BEGIN AVAILABLE DATA

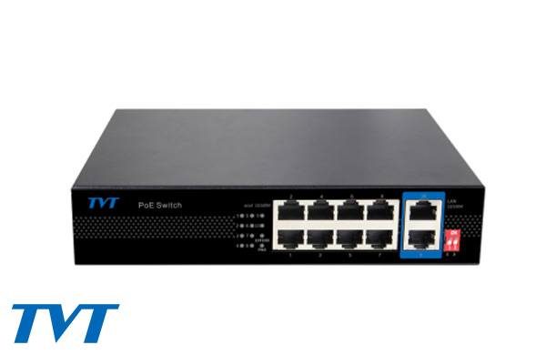Unmanaged PoE switch with 8x 100Mbps POE ports and 2x 1000Mbps uplink ports. Port 1-8 can support PoE+ standard, single-port PoE power up to 30W, built-in power supply
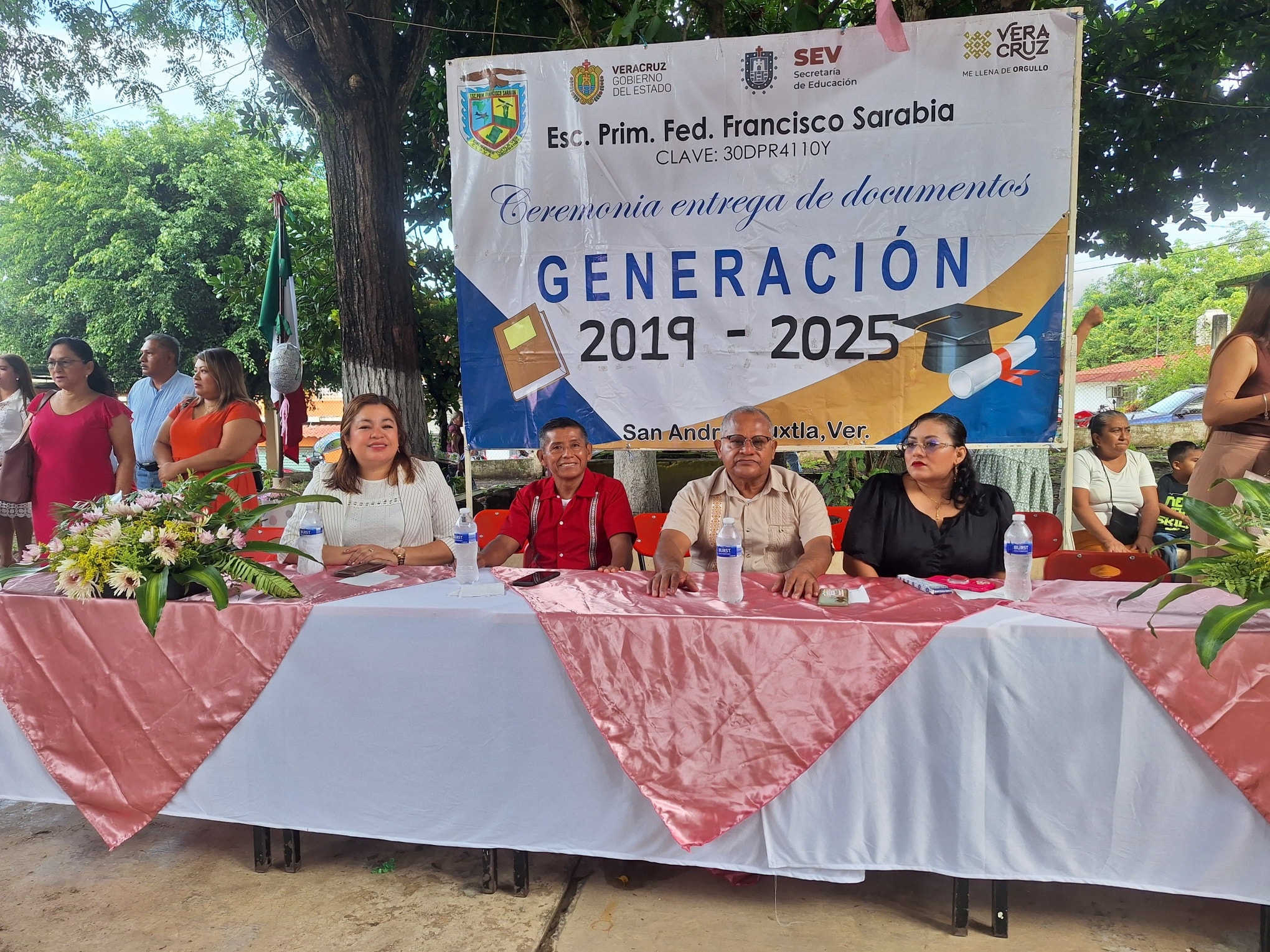 San Andrés Tuxtla, Ver.- En representación de la alcaldesa de San Andrés Tuxtla, la doctora María Elena Solana Calzada, este martes 8 de julio, la regidora primera, la maestra María Elida Pino Villaseca, acudió a la ceremonia de Clausura del Ciclo Escolar 2024-2025 y graduación de la generación 2019-2025 de la escuela primaria “Francisco Sarabia”.
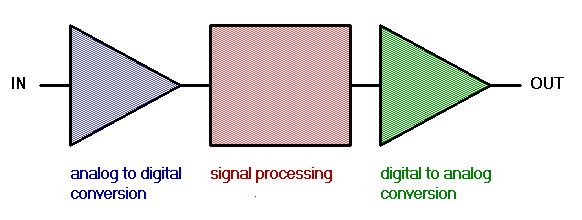 DSP технология предполагает, что входной аналоговый сигнал будет преобразован в цифровую форму, обработан и затем вновь преобразован в аналоговую форму на выходе. Данный процесс выполняется при помощи Аналого-цифрового преобразователя (АЦП).

END AVAILABLE DATA

__PROBLEM TO WORK ON__.
From the first line to the last, copy the listing above exactly, dropping all images.

__RESULT OF THE TASK__.
Unmanaged PoE switch with 8x 100Mbps POE ports and 2x 1000Mbps uplink ports. Port 1-8 can support PoE+ standard, single-port PoE power up to 30W, built-in power supply
 San Andrés Tuxtla, Ver.- En representación de la alcaldesa de San Andrés Tuxtla, la doctora María Elena Solana Calzada, este martes 8 de julio, la regidora primera, la maestra María Elida Pino Villaseca, acudió a la ceremonia de Clausura del Ciclo Escolar 2024-2025 y graduación de la generación 2019-2025 de la escuela primaria “Francisco Sarabia”.
 DSP технология предполагает, что входной аналоговый сигнал будет преобразован в цифровую форму, обработан и затем вновь преобразован в аналоговую форму на выходе. Данный процесс выполняется при помощи Аналого-цифрового преобразователя (АЦП).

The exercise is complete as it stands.